### Exercise input

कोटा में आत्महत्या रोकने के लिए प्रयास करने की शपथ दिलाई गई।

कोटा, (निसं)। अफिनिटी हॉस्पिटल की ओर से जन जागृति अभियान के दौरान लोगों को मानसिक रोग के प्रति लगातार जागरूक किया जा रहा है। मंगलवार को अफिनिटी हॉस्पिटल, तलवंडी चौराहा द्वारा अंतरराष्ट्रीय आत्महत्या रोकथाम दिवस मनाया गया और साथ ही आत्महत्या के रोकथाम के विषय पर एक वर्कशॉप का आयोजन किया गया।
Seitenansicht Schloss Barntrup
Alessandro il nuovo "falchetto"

######
### Exercise input

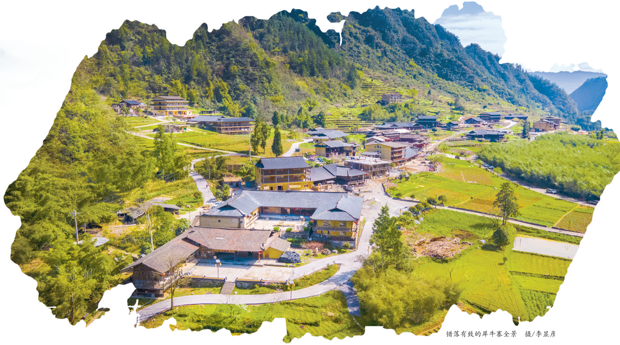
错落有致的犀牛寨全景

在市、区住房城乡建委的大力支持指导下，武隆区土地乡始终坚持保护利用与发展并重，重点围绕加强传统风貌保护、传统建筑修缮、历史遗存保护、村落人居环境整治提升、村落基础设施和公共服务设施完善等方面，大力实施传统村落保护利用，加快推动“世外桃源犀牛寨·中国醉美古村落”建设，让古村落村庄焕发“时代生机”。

######

Exercise prompt:
Return exactly the lines above from the line that has "कोटा में आत्महत्या" through the line that has "Seitenansicht Schloss Barntrup", inclusive, and nothing else.

The answer:
कोटा में आत्महत्या रोकने के लिए प्रयास करने की शपथ दिलाई गई।

कोटा, (निसं)। अफिनिटी हॉस्पिटल की ओर से जन जागृति अभियान के दौरान लोगों को मानसिक रोग के प्रति लगातार जागरूक किया जा रहा है। मंगलवार को अफिनिटी हॉस्पिटल, तलवंडी चौराहा द्वारा अंतरराष्ट्रीय आत्महत्या रोकथाम दिवस मनाया गया और साथ ही आत्महत्या के रोकथाम के विषय पर एक वर्कशॉप का आयोजन किया गया।
Seitenansicht Schloss Barntrup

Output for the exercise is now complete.